INFORMATION PROVIDED Start Marker

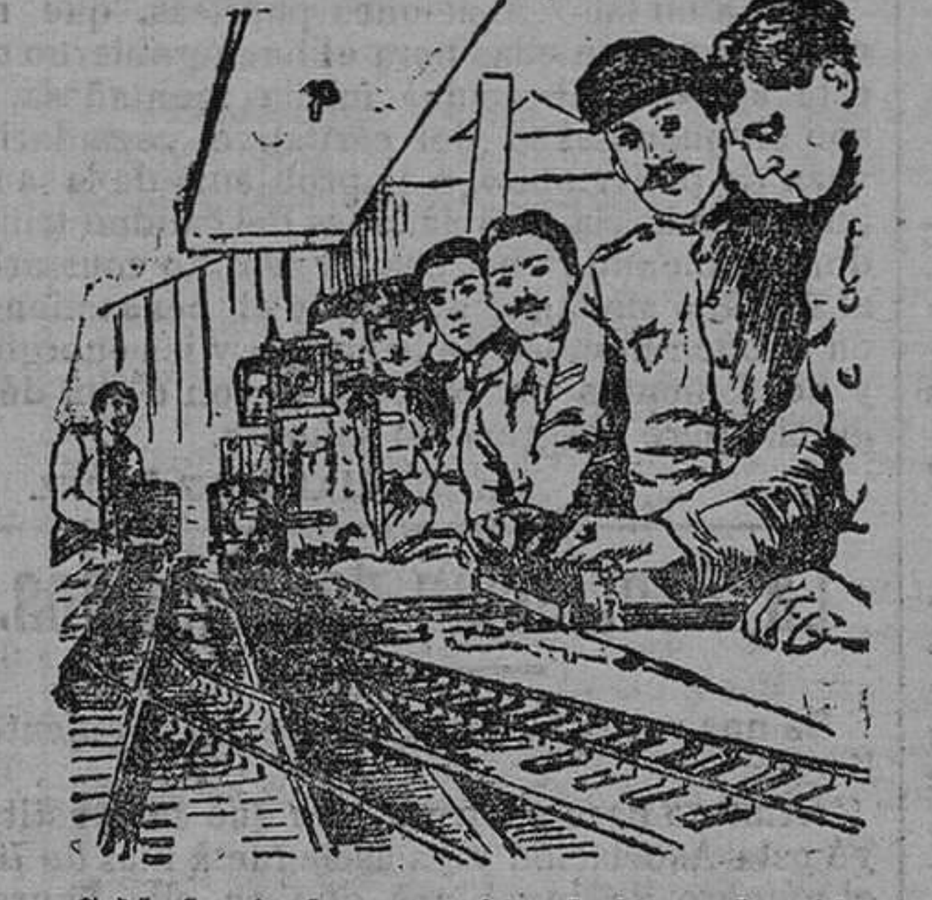
Soldados ingleses estudiando la conducción y guía de los trenes.

Inglaterra es acaso el pueblo que más grandes trastornos y más tremendos perjuicios sufre con motivo de las huelgas de obreros, por lo mismo que es el pueblo industrial por excelencia. Vive de la industria y para la industria, y las comunicaciones que ella experimenta súfrelas é igualmente, pero en proporciones acrecentadas de un modo que aterra. Una de las huelgas más temibles es la de ferroviarios, y en previsión de una huelga general de éstos, el Gobierno inglés ha creado recientemente una escuela especial para que en ella soldados de todas las armas aprendan á guiar los trenes y á desempeñar todos los cargos, desde los de guardaagua y mozo de estación hasta los de maquinista y fogonero. Nuestro grabado representa una sección de dicha escuela, en la cual, con materiales de tamaño reducido, practican varios soldados el manejo de las agujas para el cambio de vía.
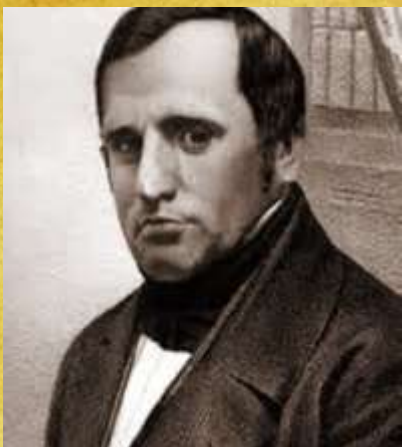
Сахаров Иван Петрович

Термин «былина» вошёл в обиход в 1839 году, когда фольклорист и этнограф И. П. Сахаров приступил к изучению этого самобытного жанра.
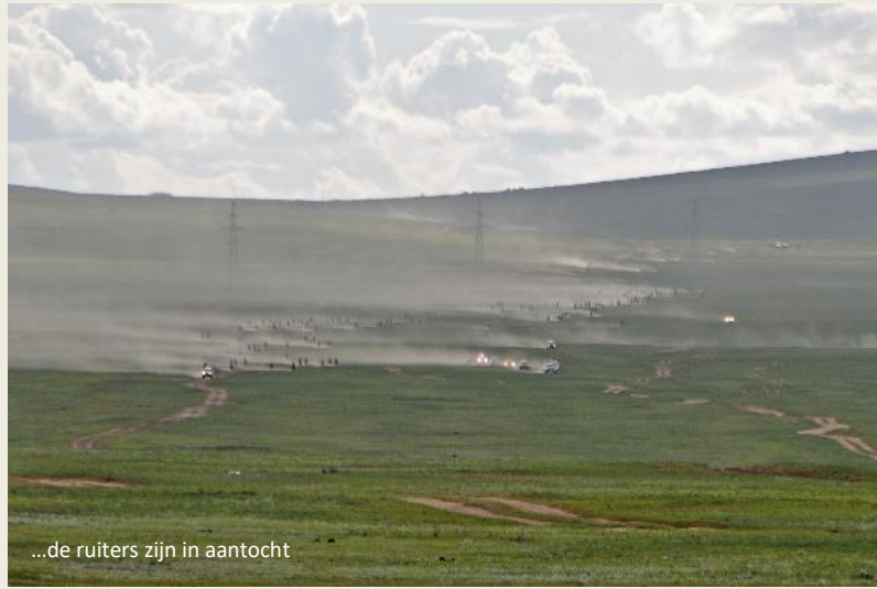
...de ruiters zijn in aantocht
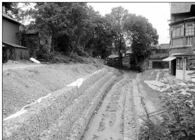
• Regulácia Belianskeho potoka v dolnom úseku prebieha vo veľmi zložitých priestorových podmienkach.
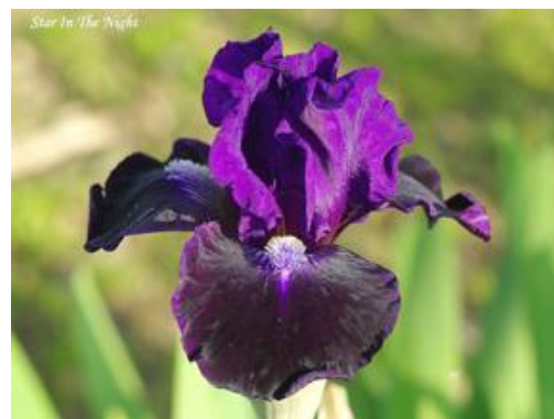
Star In The Night
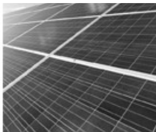
[ PHOTOVOLTAIK ]
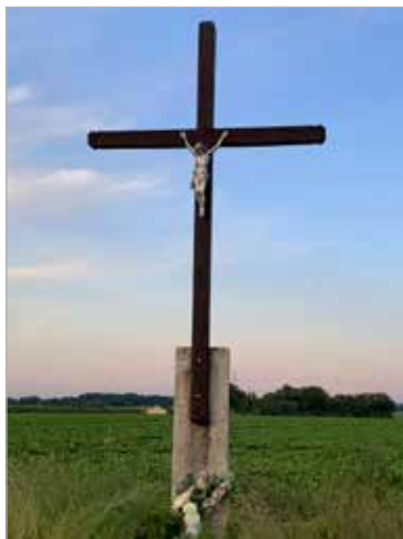
Drewniany krzyż na betonowej podstawie na początku ulicy Strumiany

INFORMATION PROVIDED End Marker

- WORK TO COMPLETE: The lines from the one holding "zijn in aantocht" to the final line of the entries are to be duplicated exactly, and the pictures are to be left out.

- RESPONSE TO THIS TASK:
...de ruiters zijn in aantocht
• Regulácia Belianskeho potoka v dolnom úseku prebieha vo veľmi zložitých priestorových podmienkach.
Star In The Night
[ PHOTOVOLTAIK ]
Drewniany krzyż na betonowej podstawie na początku ulicy Strumiany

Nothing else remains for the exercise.